Com foco no público italiano, já que o turismo internacional será o último a sair.

"Absolutamente. Na última década, após a crise de 2008, apostamos fortemente no público estrangeiro, especialmente francês e americano. Na altura pensámos: temos de reagir produzindo mais, não nos contentando com os históricos detentores de bilhetes venezianos. Assim, em comparação com o início dos anos 80, quando os telespectadores italianos eram de XNUMX%, a proporção quase se igualou. No entanto, este grande sucesso internacional foi por sua vez um motor para intrigar e fazer crescer novamente o público local, no qual devemos focar nos próximos anos, esperando perceber como se irá recuperar o turismo mundial. Também o disse recentemente ao ministro Franceschini: a ressonância internacional e o novo interesse por parte do público italiano são a prova de que gastamos bem o dinheiro público que nos é dado para difundir a cultura na Itália.

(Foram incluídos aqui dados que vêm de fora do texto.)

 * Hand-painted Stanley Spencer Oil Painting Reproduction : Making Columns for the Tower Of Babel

Parece que estamos conseguindo."

As vacinas são decisivas para a recuperação e reabertura, até mesmo dos cinemas. Você tem se colocado à disposição?

“Claro que demos a vontade de ser vacinados no teatro, mas por razões logísticas compreensíveis não acho que isso possa acontecer antes de julho. Agora é justo que se dê prioridade às categorias de maior risco”.

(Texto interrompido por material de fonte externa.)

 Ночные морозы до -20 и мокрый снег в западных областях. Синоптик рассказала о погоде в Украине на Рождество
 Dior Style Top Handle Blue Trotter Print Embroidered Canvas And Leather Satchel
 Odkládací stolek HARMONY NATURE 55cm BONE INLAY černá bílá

Uma reflexão final sobre Veneza, que acaba de completar 1.600 anos. As imagens da cidade deserta, sem a habitual multidão de turistas, correram o mundo. Que ar você respira?

“Quando eu era criança, ir a Veneza era considerado um luxo, mesmo vindo de Mântua, minha cidade natal. Antes da pandemia, por outro lado, organizando-se a tempo com 500 euros, você ia e vinha de Los Angeles. Esta facilidade explodiu o turismo e não acho que a Covid vai acabar com o encanto de Veneza no mundo: já no verão passado a cidade voltou a encher, e assim será depois. Porém, a pandemia também nos obriga a refletir para imaginar um turismo mais sustentável. Quanto ao Fenice, posso dizer que é um motor fundamental de movimento econômico para Veneza, talvez o único realmente ativo hoje. Quando paro num bar para tomar um café, agora só para take away, muitas vezes os expositores reconhecem-me e perguntam-me: 'Quando vão reabrir?', porque a vida do teatro consequentemente ajuda a dos bares e restaurantes. Alguns até fazem perguntas bem detalhadas, para ter uma ideia precisa: 'Que dia vocês reabrem? Em que momento? Com que programa?'.”

As pessoas comuns também param com isso?

“Sim, e é a prova de que há uma grande vontade de cultura, de teatro, de voltar a viver como antes”.